In our study, consumption of domestic animals was occasionally noted and was contributed to the low availability of this food type. While the wolves regularly utilised the meadow where the horses are kept, they were no recorded incidents of the wolves attacking the horses. Cattle were only found in the autumn diet, and this was contributed to scavenging (B% 5.9%). Occurrence of livestock consumption in this study is lower than that recorded in other central European studies (Smietana and Klimek 1993; Gula 2008) and much lower than in studies in southern Europe, where livestock production is important, and wolves may depend heavily on livestock as a food source (Salvador and Abad 1987; Iliopoulos et al. 2009). Predation on non-ungulate prey species (Table 1) was infrequent as found in other central European studies (Lesniewicz and Perzanowski 1989; Jędrzejewski et al. 1992; Smietana and Klimek 1993; Okarma 1995; Ansorge et al. 2006). No predation on lagomorphs was found in this study where the European brown hare Lepus europaeus is rare, while in the northern region of Europe (Gade-Jørgensen and Stagegaard 2000) and in Mediterranean areas (Salvador and Abad 1987), lagomorphs were a seasonally important food for wolves. The plant consumption of the wolf was not considerable but consisted of plum Prunus domestica, pear Pyrus spp., blackthorn Prunus spinosa, acorn scrap Quercus spp., grass Gramineae, unidentified seeds and pine Pinus spp. needles with the latter almost certainly being ingested accidentally along with prey items that were resting on the ground on top of pine needles.

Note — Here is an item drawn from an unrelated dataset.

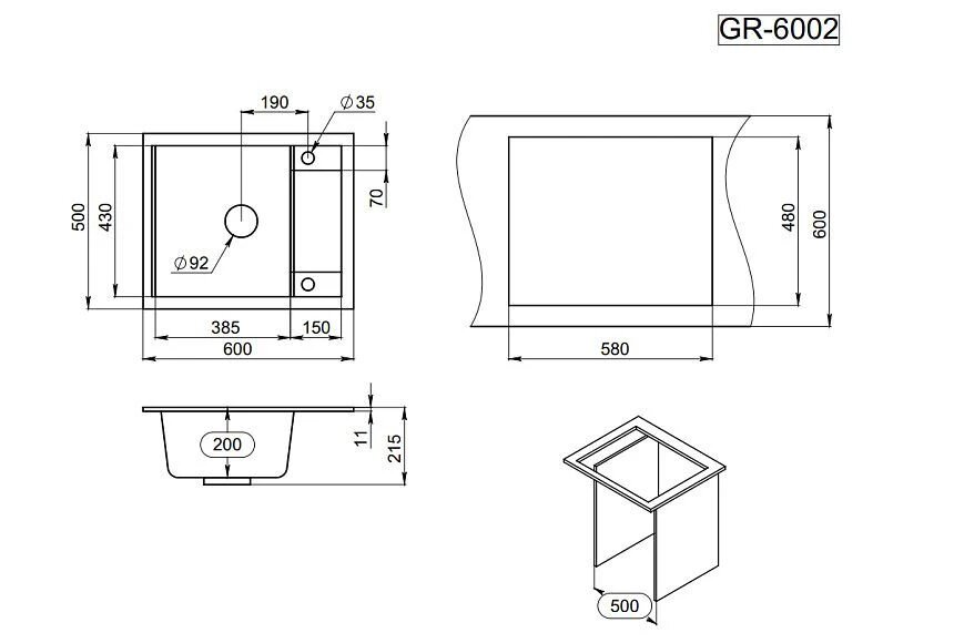 мойка GRANULA 600х500х20мм черный кварц (6002 черный)

While wolves in this study utilised a broad spectrum of food, the standardized trophic niche was relatively narrow (Table 1) as was found in other studies (Okarma 1995; Jędrzejewska and Jędrzejewski 1998).

In conclusion, the main food items of the wolf returning to forested mountainous area of NE Hungary consisted mainly of wild ungulates throughout all seasons. This is comparable to results found in other studies in Europe (Peterson and Ciucci 2003). The order of importance of wild ungulates was wild boar and red deer followed by roe deer and mouflon which roughly follows their density based on hunting bag data; however, the order is largely dependent on season (e.g. calving, carrion availability). Preference indices around zero show that wolves in this study did not select for ungulate species that were available in high abundance. Consumption of livestock and other food types was not considerable. More studies are required to define if the wolf population in Gömör-Tornai karst (on either side of the border) or in other parts of the country has an effect on the populations of wild ungulates.